Unique Index
Hi,
i have a unique index on a table over multiple columns. If now one of
the records has a null value in one of the indexed columns i can insert
the same record multiple times.
Is this a problem within postgres or expected?
Example:
index unique, btree (colA, colB, colC);
would still allow me to insert
AAAA, ,CCCC
AAAA, ,CCCC
Thanks for any help on that.
A
On Thu, 20 Jan 2005, Alex wrote:
i have a unique index on a table over multiple columns. If now one of
the records has a null value in one of the indexed columns i can insert
the same record multiple times.Is this a problem within postgres or expected?
Expected. NULLs are effectively not considered as the same for the
purposes of UNIQUE.
The predicate basically functions as:
2) If there are no two rows in T such that the value of each column
in one row is non-null and is equal to the value of the cor-
responding column in the other row according to Subclause 8.2,
"<comparison predicate>", then the result of the <unique predi-
cate> is true; otherwise, the result of the <unique predicate>
is false.
# alex@meerkatsoft.com / 2005-01-20 01:35:32 +1100:
i have a unique index on a table over multiple columns. If now one of
the records has a null value in one of the indexed columns i can insert
the same record multiple times.Is this a problem within postgres or expected?
In SQL, NULL means "unknown value". How could you assert that two
NULLs are equal?
--
If you cc me or remove the list(s) completely I'll most likely ignore
your message. see http://www.eyrie.org./~eagle/faqs/questions.html
Roman Neuhauser wrote:
# alex@meerkatsoft.com / 2005-01-20 01:35:32 +1100:
i have a unique index on a table over multiple columns. If now one of
the records has a null value in one of the indexed columns i can insert
the same record multiple times.Is this a problem within postgres or expected?

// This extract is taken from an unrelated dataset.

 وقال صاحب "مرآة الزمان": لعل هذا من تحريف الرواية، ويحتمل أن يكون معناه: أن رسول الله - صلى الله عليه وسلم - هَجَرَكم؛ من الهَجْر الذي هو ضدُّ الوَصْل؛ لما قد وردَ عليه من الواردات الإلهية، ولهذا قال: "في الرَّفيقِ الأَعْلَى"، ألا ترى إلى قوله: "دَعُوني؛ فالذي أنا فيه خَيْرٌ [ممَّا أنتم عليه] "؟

In SQL, NULL means "unknown value". How could you assert that two
NULLs are equal?
which doesn't make mathematical sense.
mathwise null is an empty result.
so setting the logic up using the math logic, null values are always equal.
--
========================================
only plain text format email accepted.
smaller file size, no virus transfer
no proprietary file formats.
========================================
According to Date you should never use NULLs. This is because a NULL can
mean many different things. It can mean not known (e.g. I know he has an
age but I don't know what it is), It can be not applicable (e.g. in a
Party table of organizations and people, people would be of a certain sex
but an organization would not), It can mean a number divided by zero, It
can also mean I don't know if the value is unknown or if the value is not
applicable etc. etc. In Date's view there is an infinite number of
meanings for null and for a database to handle it correctly would require
an equivalent set of operators for each type of null.

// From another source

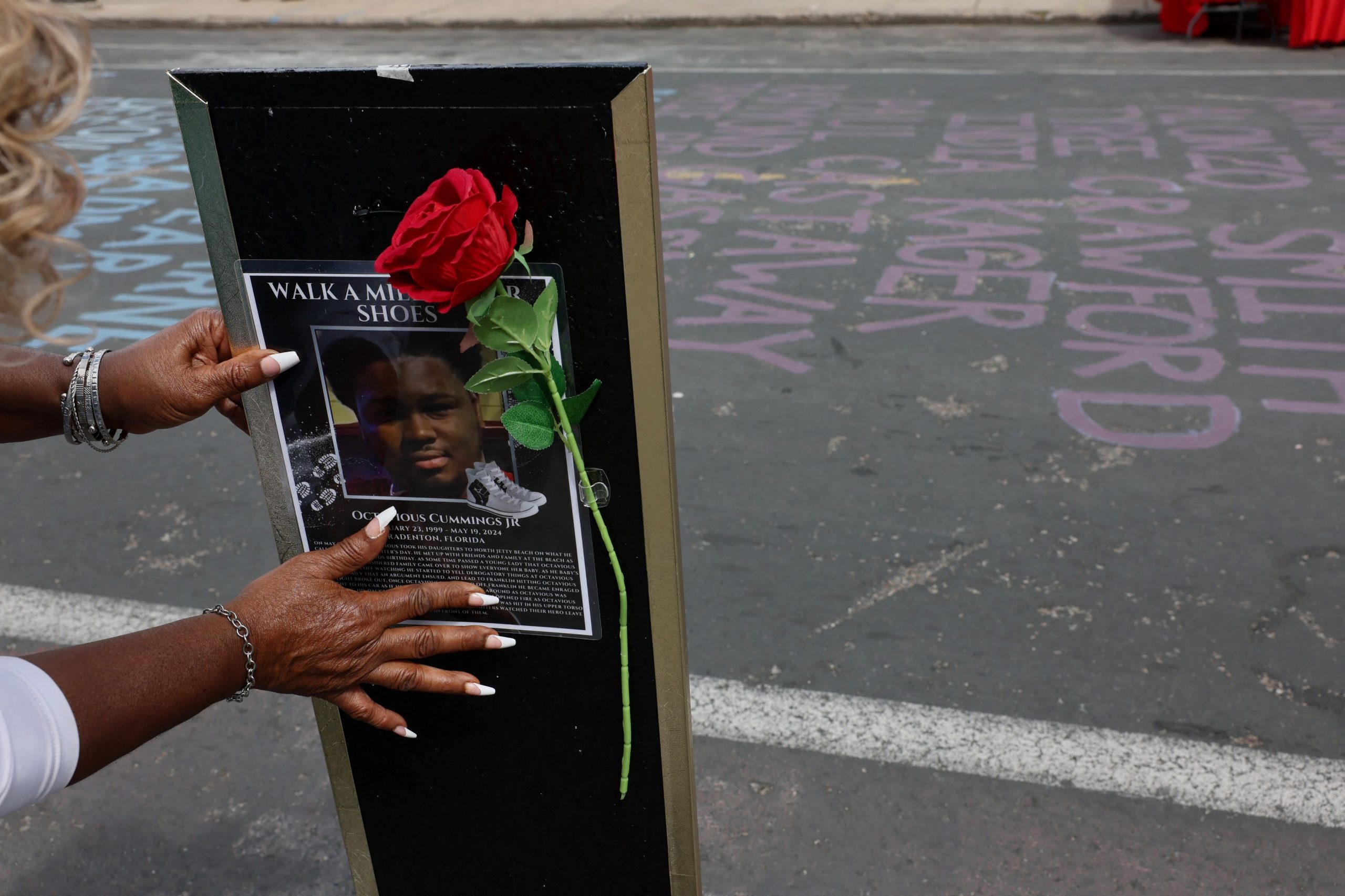 Γυναίκα τοποθετεί φωτογραφία με αφορμή την έκθεση «Walk a Mile in Their Shoes», στη μνήμη όσων έχασαν τις ζωές τους από την αστυνομική βία. REUTERS/Leah Millis
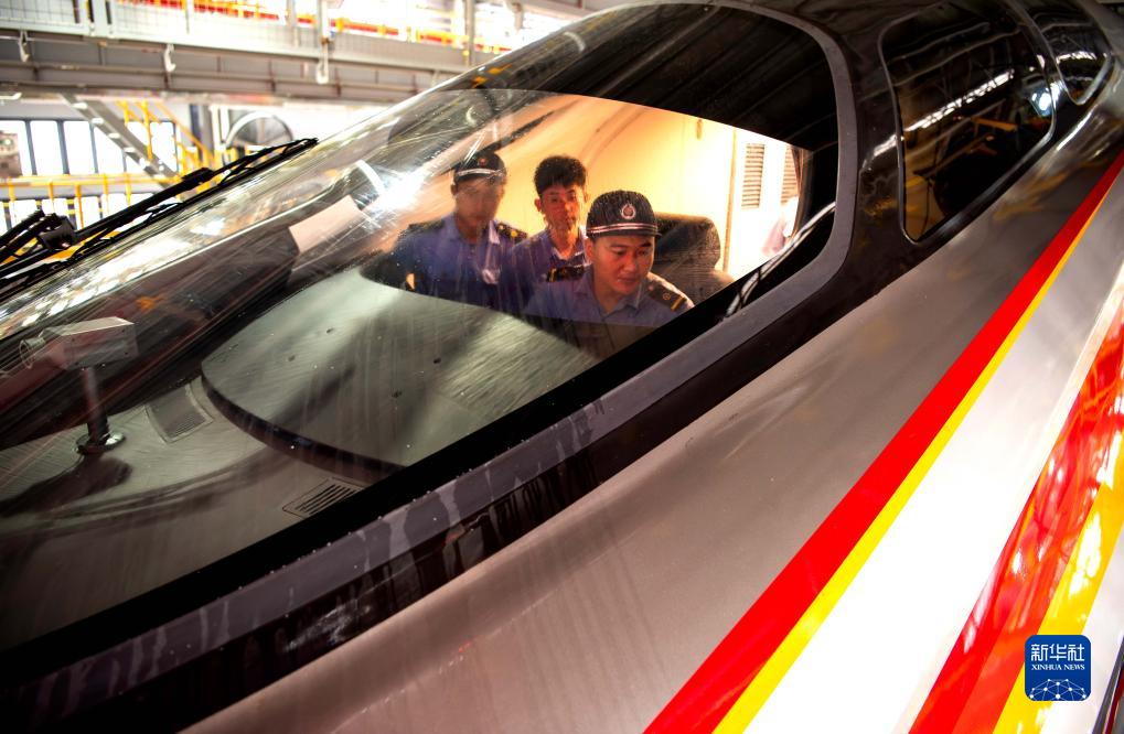 9月13日,高春成(右)和同事在復興號智能配置動車組駕駛艙進行檢測。

I think though that Nulls are a very useful feature of SQL databases. It's
just that when I write a program, I have to know in a particular context
what a null means and handle it appropriately (of course controlling nulls
in an index is a different matter). I don't think there is only one
accepted way to use nulls.
Show quoted text
Roman Neuhauser wrote:
# alex@meerkatsoft.com / 2005-01-20 01:35:32 +1100:
i have a unique index on a table over multiple columns. If now one of
the records has a null value in one of the indexed columns i can insert
the same record multiple times.Is this a problem within postgres or expected?
In SQL, NULL means "unknown value". How could you assert that two
NULLs are equal?which doesn't make mathematical sense.
mathwise null is an empty result.
so setting the logic up using the math logic, null values are always
equal.--
========================================only plain text format email accepted.
smaller file size, no virus transfer
no proprietary file formats.========================================
Null values are a big surprise to almost every end-user (though the
programmers are OK with them).
Look at the astonishment on the face of your end user when you tell them
that:
SELECT COUNT(*) FROM clothing WHERE clothing_color = 'green'
+
SELECT COUNT(*) FROM clothing WHERE NOT clothing_color = 'green'
Is not the count of all clothing because clothing without a color
recorded will not be counted.
Or (perhaps better yet, violating trichotomy) ...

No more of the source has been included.